Business owners can save a lot of money by making adjustments to the way they operate. Discover three steps you can take to reduce your expenses, regardless of the sector in which you’re engaged.
1. Pay invoices on time, or even early
This idea may seem counterintuitive at first, especially if your cash flow is sometimes strained and you’ve got into the habit of stretching payment times. But by paying late you can incur extra costs and also miss out on discounts.
Some suppliers may levy a late payment charge if you don’t pay on time. This can be expensive, and if the supplier is essential to your business, late payments can damage a vital relationship. You’ll be at the top of their list for price increases, and at the bottom of their list for urgent deliveries.
You may also be missing out on significant discounts offered for early payments. Reduce your costs in this way if your cash flow can cope with paying early.
2. Go green, save money
Being friendly to the environment is no longer the more expensive option. Going green will not only make you feel good and improve the image of your business, it will also help to reduce your costs in the following ways:
- Go paperless. Digitise your systems, scan documents instead of storing printed versions, and save money on paper, postage, printing, filing, archiving and waste disposal.

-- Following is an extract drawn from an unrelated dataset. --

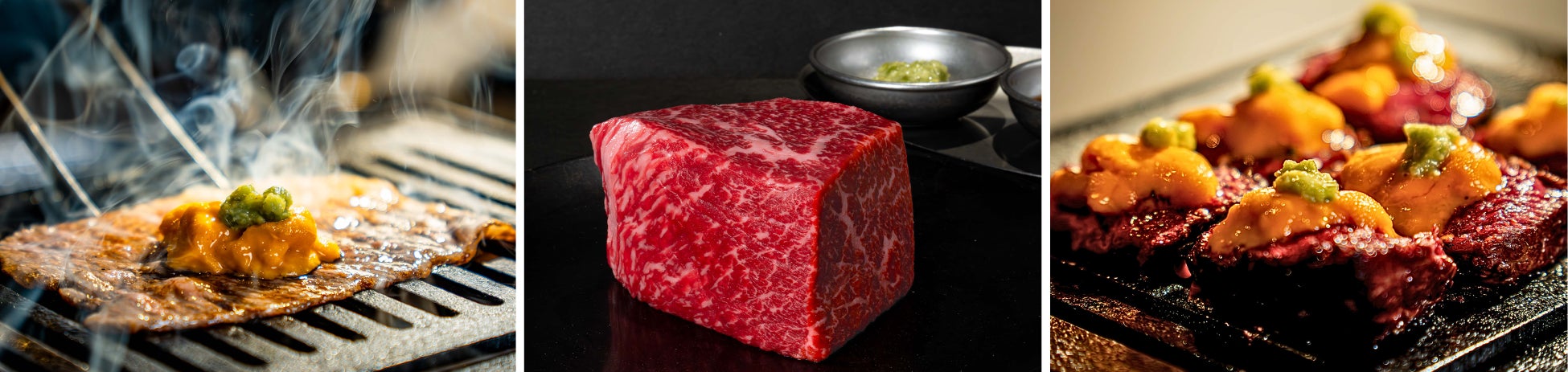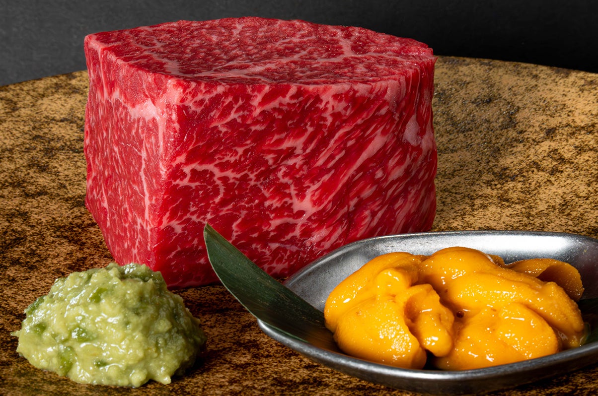 最高級リブロースの芯のみ使⽤した「プレミアムロース」にとろける雲丹を贅沢にトッピング。今回のフェアに合わせ、北海道根室からバフンウニを緊急入荷しました。

- Switch to energy-efficient LED light bulbs which cost less to run and last longer.
- Investigate green tax breaks or cost rebates for conservation covenants and small-scale renewable energy systems.
- Improve your building’s energy efficiency when extending or renovating.
- Increase employee productivity by landscaping around your premises to promote cleaner air and a more relaxing area for breaks.
- Embrace telecommuting. COVID demonstrated that it can work well. Reduce costs by downsizing the space you need, while improving employee morale and retention via your flexible approach to working from home.
3. Cancel unused services
It’s easy to overlook direct debits to your business bank account for subscriptions to journals you no longer use, account-keeping fees for dormant bank accounts, or maintenance contracts for equipment you no longer have. It’s worth spending some time to go through your bank statements to look for these unnecessary costs which are no longer adding value to your business.
While you’re doing that, also keep an eye out for any regular costs you’ve lost the habit of questioning, such as your electricity bill or telecommunications and internet service. You may be able to cut costs by switching to a new provider, or simply by contacting your existing supplier and telling them you’re thinking of switching.